━━━━━ Data records ━━━━━

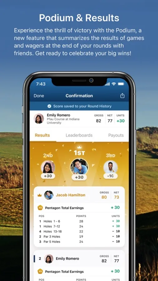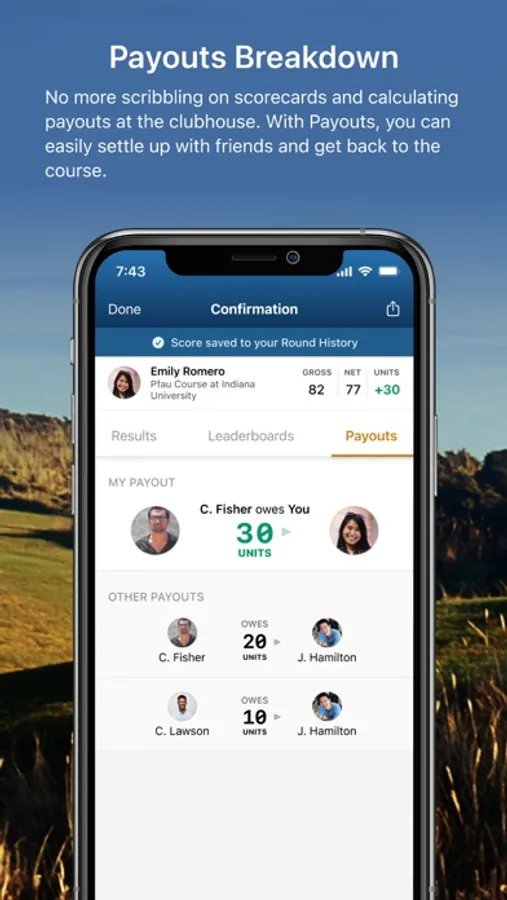 • Add your Handicap to your profile and even the playing field with the Net scoring format
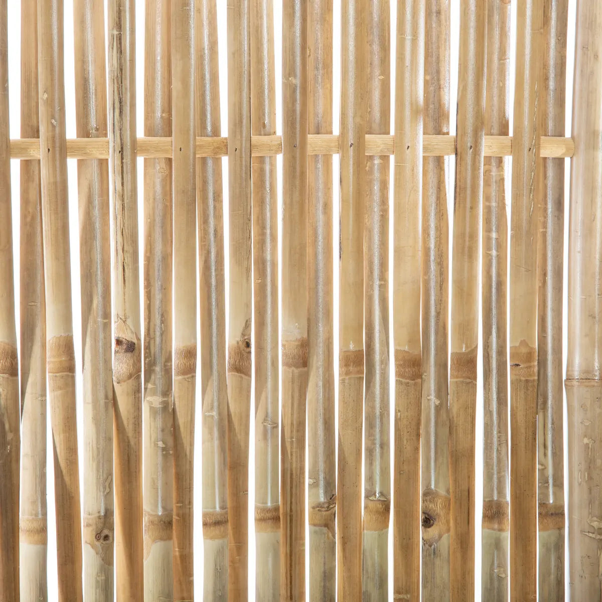 Acest paravan este fabricat din bambus natural - un material care combină rezistența, durabilitatea și estetica exotică. Datorită dimensiunilor sale practice și designului pliabil, este ușor de mutat și depozitat. Este potrivit atât pentru compartimentarea camerelor, cât și ca accent decorativ care aduce căldură naturală și armonie interiorului.
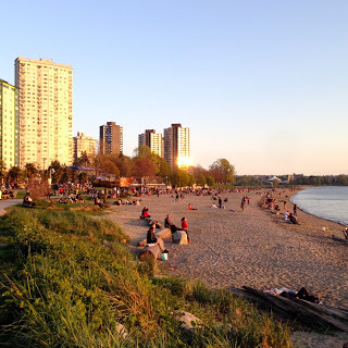 Spent yesterday afternoon working in the sunshine - am rereading the manuscript one last time before sending it out to a few readers, as I don't know any more what it needs. Chris came for dinner and afterwards we went for a walk, at dusk after a sunny day - the beach jammed with people, Denman Street packed, nearly impassable - what a rich outdoor life there is here, Toronto can only dream. We bought a gelato and sat on a bench by the ocean watching the crowds as the sun set behind the mountains. Sublime, this city can be sublime. Also, however, ugly and harsh in the number of street people, homeless, addicts, the problem much more extreme than we face in the cold east. The other side of Paradise.
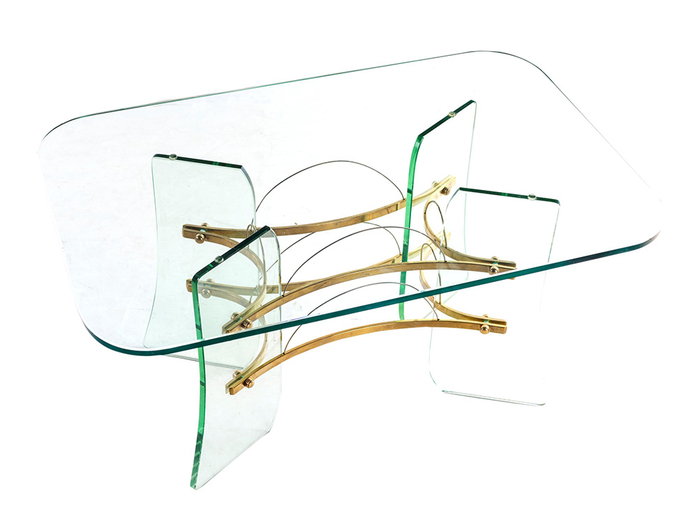 Tavolino base e piano in vetro raccordi in ottone Prod . Italiana 1950...
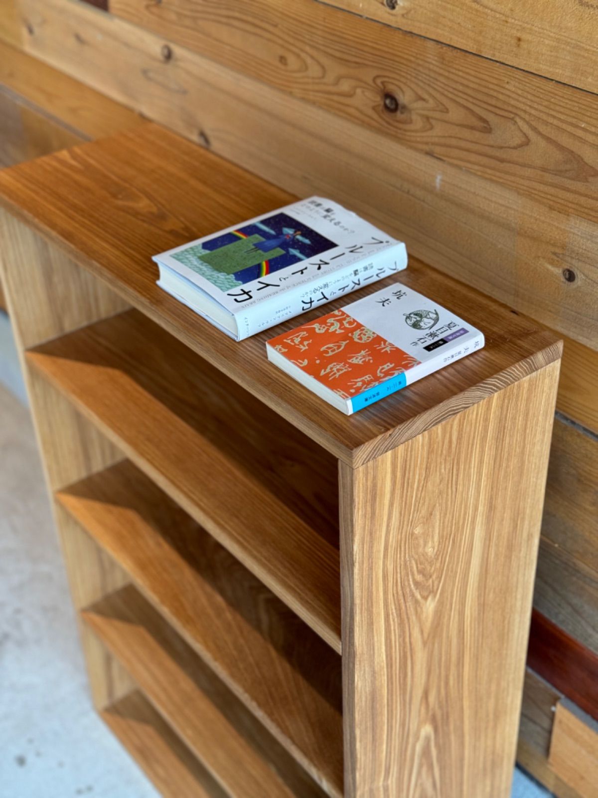 - 家具 > 本棚・絵本棚・マガジンラック > 天然タモ材を使った棚 シェルフ 無垢材 木製 一枚板 おまけ積木付き 本棚 天然タモ材を使った棚シェルフ無垢材木製一枚板おまけ積木付き本棚
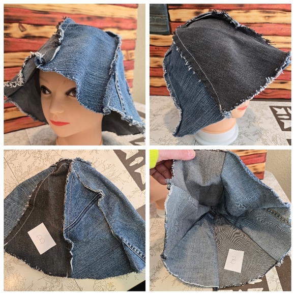 Handmade 6 panel denim hat. Made from legs that I cut off my jeans at the end of winter! I collected them for decades & finally made something. Cool frayed seams. Size M to XL. The part that sits on the head is 30", more or less. By " Don't Throw It Out ", my own brand.
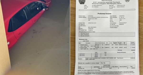 அதை பார்த்த பிறகு நான் அதிர்ச்சி அடைந்தேன். ஏனென்றால் 11 லட்சம் மதிப்புடைய காரை பழுது பார்க்க 22 லட்சம் செலவு ஆகும் என கூறப்பட்டு இருந்தது. இன்சூரன்ஸ் கம்பெனியை தொடர்பு கொண்ட போது, காரை மொத்த இழப்பாக எடுத்துக்கொண்டு நாங்களே சர்வீஸ் செண்டரில் இருந்து எடுத்துக்கொள்கிறோம் என பதில் வந்தது. இதையடுத்து, காருக்கான ஆவணங்களை பெறுவதற்காக ஷோ ரூமிற்கு நான் சென்றேன். அப்போது சர்வீஸ் செண்டர் ஊழியர்கள் 44 ஆயிரத்து 840 என்ற பில் தொகையுடன் ஒரு சீட்டை காண்பித்தனர்.
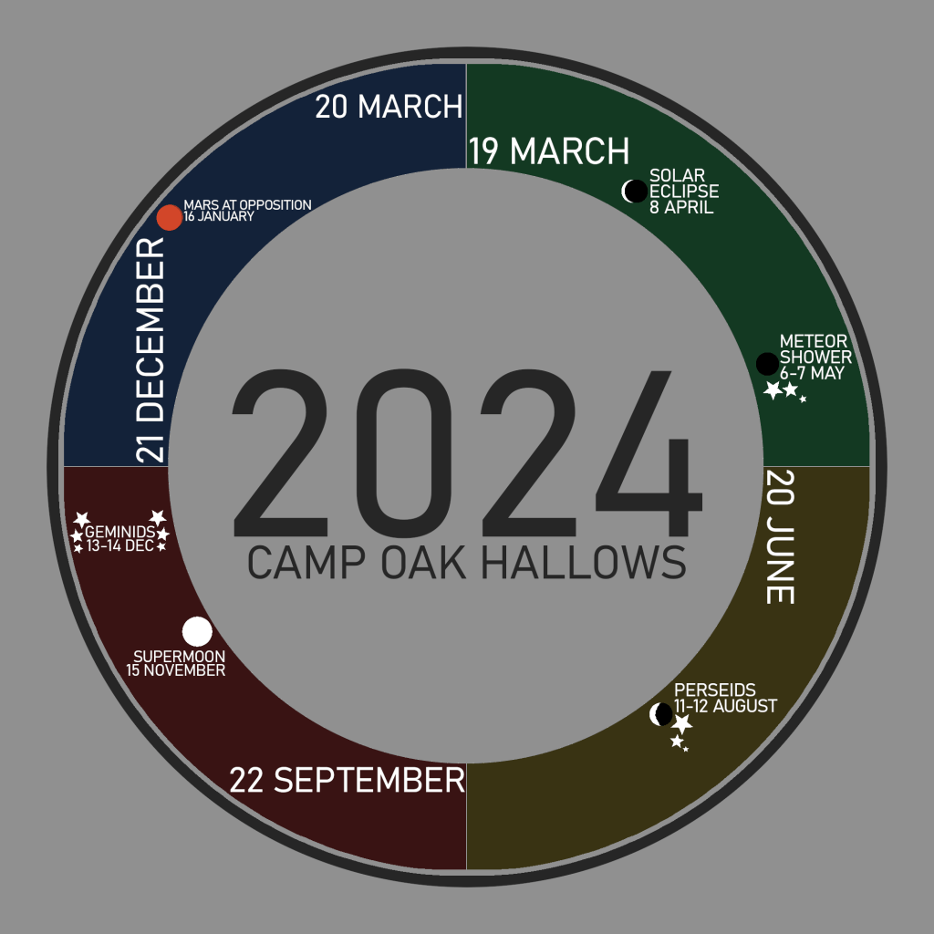 While no Camper or Student will ever be prevented from doing so, the Grounds and Staff of COH will not “celebrate” any religious or governmental holidays. Camp is open year-round, and “celebrates” on dates such as these astronomical events, with no religious or spiritual affiliation:

━━━━━

• _Work instruction_
Could you reproduce the data above exactly, without its pictures?

• _Output below_
 • Add your Handicap to your profile and even the playing field with the Net scoring format
 Acest paravan este fabricat din bambus natural - un material care combină rezistența, durabilitatea și estetica exotică. Datorită dimensiunilor sale practice și designului pliabil, este ușor de mutat și depozitat. Este potrivit atât pentru compartimentarea camerelor, cât și ca accent decorativ care aduce căldură naturală și armonie interiorului.
 Spent yesterday afternoon working in the sunshine - am rereading the manuscript one last time before sending it out to a few readers, as I don't know any more what it needs. Chris came for dinner and afterwards we went for a walk, at dusk after a sunny day - the beach jammed with people, Denman Street packed, nearly impassable - what a rich outdoor life there is here, Toronto can only dream. We bought a gelato and sat on a bench by the ocean watching the crowds as the sun set behind the mountains. Sublime, this city can be sublime. Also, however, ugly and harsh in the number of street people, homeless, addicts, the problem much more extreme than we face in the cold east. The other side of Paradise.
 Tavolino base e piano in vetro raccordi in ottone Prod . Italiana 1950...
 - 家具 > 本棚・絵本棚・マガジンラック > 天然タモ材を使った棚 シェルフ 無垢材 木製 一枚板 おまけ積木付き 本棚 天然タモ材を使った棚シェルフ無垢材木製一枚板おまけ積木付き本棚
 Handmade 6 panel denim hat. Made from legs that I cut off my jeans at the end of winter! I collected them for decades & finally made something. Cool frayed seams. Size M to XL. The part that sits on the head is 30", more or less. By " Don't Throw It Out ", my own brand.
 அதை பார்த்த பிறகு நான் அதிர்ச்சி அடைந்தேன். ஏனென்றால் 11 லட்சம் மதிப்புடைய காரை பழுது பார்க்க 22 லட்சம் செலவு ஆகும் என கூறப்பட்டு இருந்தது. இன்சூரன்ஸ் கம்பெனியை தொடர்பு கொண்ட போது, காரை மொத்த இழப்பாக எடுத்துக்கொண்டு நாங்களே சர்வீஸ் செண்டரில் இருந்து எடுத்துக்கொள்கிறோம் என பதில் வந்தது. இதையடுத்து, காருக்கான ஆவணங்களை பெறுவதற்காக ஷோ ரூமிற்கு நான் சென்றேன். அப்போது சர்வீஸ் செண்டர் ஊழியர்கள் 44 ஆயிரத்து 840 என்ற பில் தொகையுடன் ஒரு சீட்டை காண்பித்தனர்.
 While no Camper or Student will ever be prevented from doing so, the Grounds and Staff of COH will not “celebrate” any religious or governmental holidays. Camp is open year-round, and “celebrates” on dates such as these astronomical events, with no religious or spiritual affiliation:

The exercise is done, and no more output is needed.